Top of DATA EXTRACT
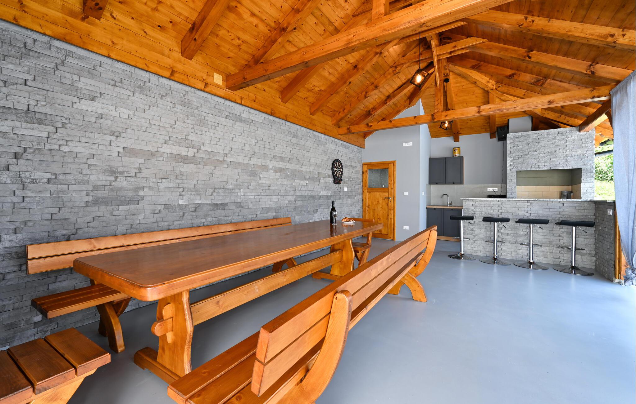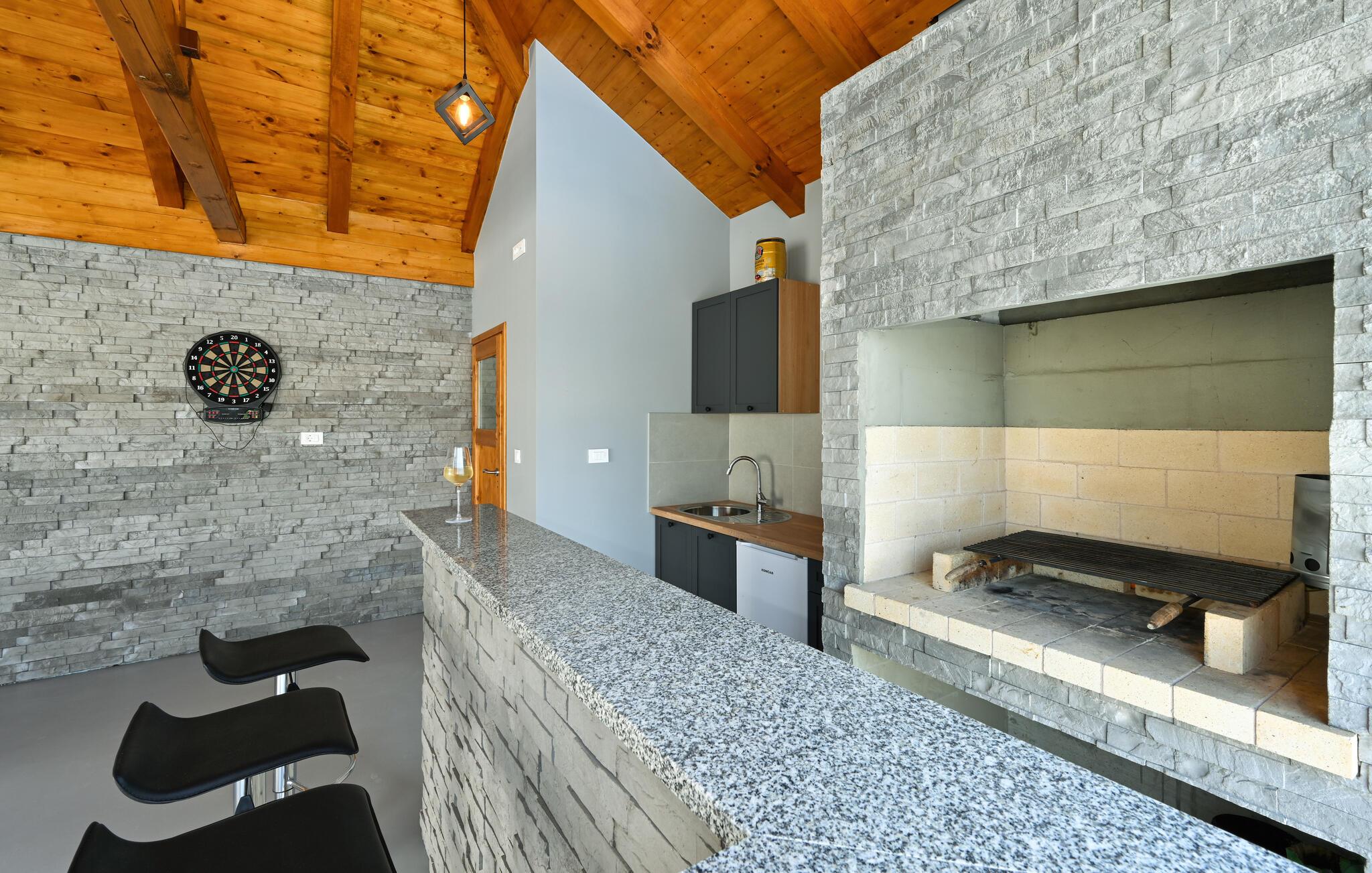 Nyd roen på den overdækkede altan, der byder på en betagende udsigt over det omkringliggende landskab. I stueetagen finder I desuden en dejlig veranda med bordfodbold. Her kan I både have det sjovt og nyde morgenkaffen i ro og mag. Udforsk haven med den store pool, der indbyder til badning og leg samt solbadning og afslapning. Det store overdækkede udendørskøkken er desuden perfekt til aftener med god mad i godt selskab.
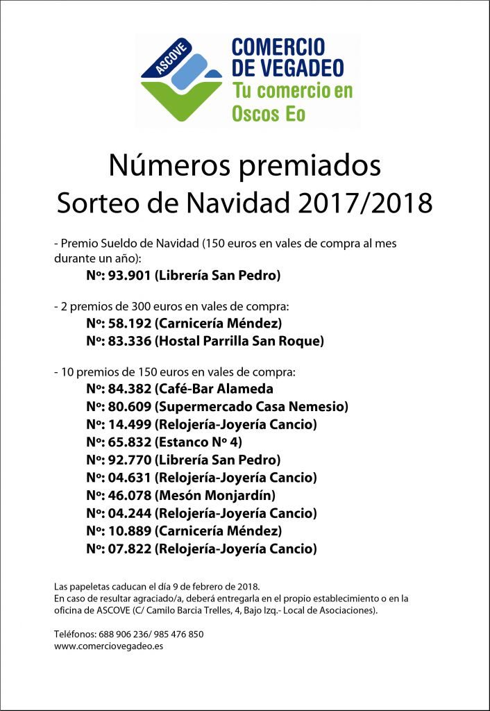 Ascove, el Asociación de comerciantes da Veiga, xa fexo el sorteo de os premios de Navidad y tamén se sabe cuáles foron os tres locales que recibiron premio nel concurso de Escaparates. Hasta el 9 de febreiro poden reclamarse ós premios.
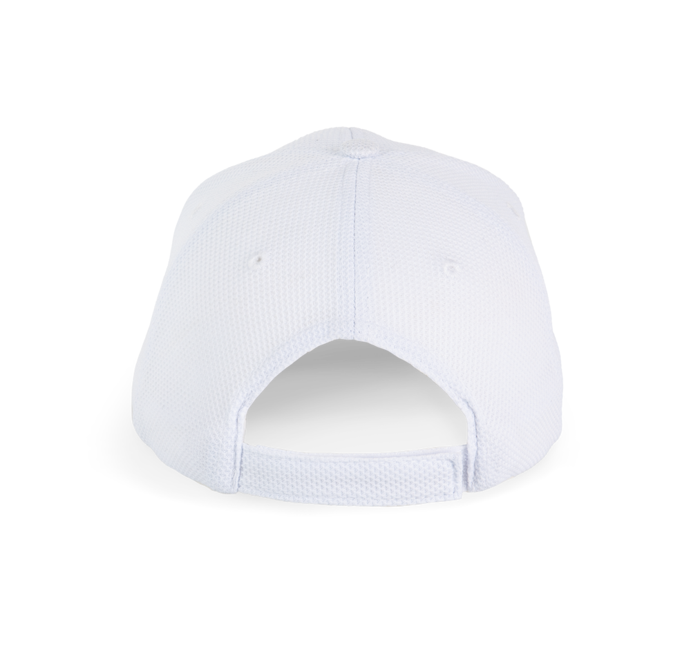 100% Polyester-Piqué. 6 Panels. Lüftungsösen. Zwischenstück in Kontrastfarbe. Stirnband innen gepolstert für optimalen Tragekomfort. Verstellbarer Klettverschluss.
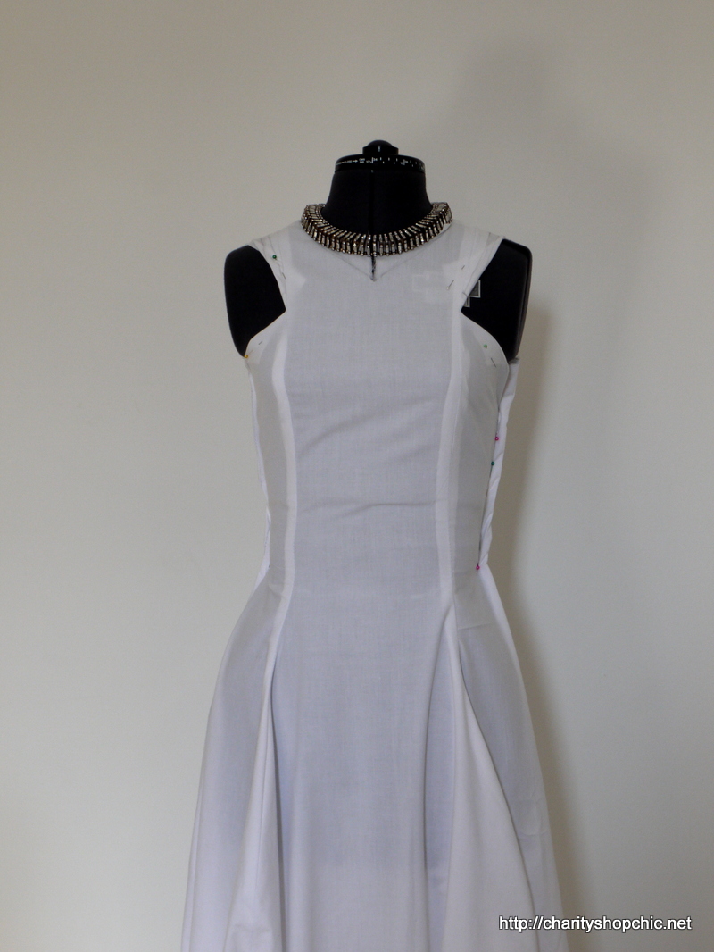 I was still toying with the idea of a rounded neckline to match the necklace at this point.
Bottom of DATA EXTRACT
• _TO DO_: Only an exact copy of the lines from the one with "100% Polyester-Piqué. 6" through the last line of the data above is wanted, and no pictures.

• _RESPONSE AREA_:
 100% Polyester-Piqué. 6 Panels. Lüftungsösen. Zwischenstück in Kontrastfarbe. Stirnband innen gepolstert für optimalen Tragekomfort. Verstellbarer Klettverschluss.
 I was still toying with the idea of a rounded neckline to match the necklace at this point.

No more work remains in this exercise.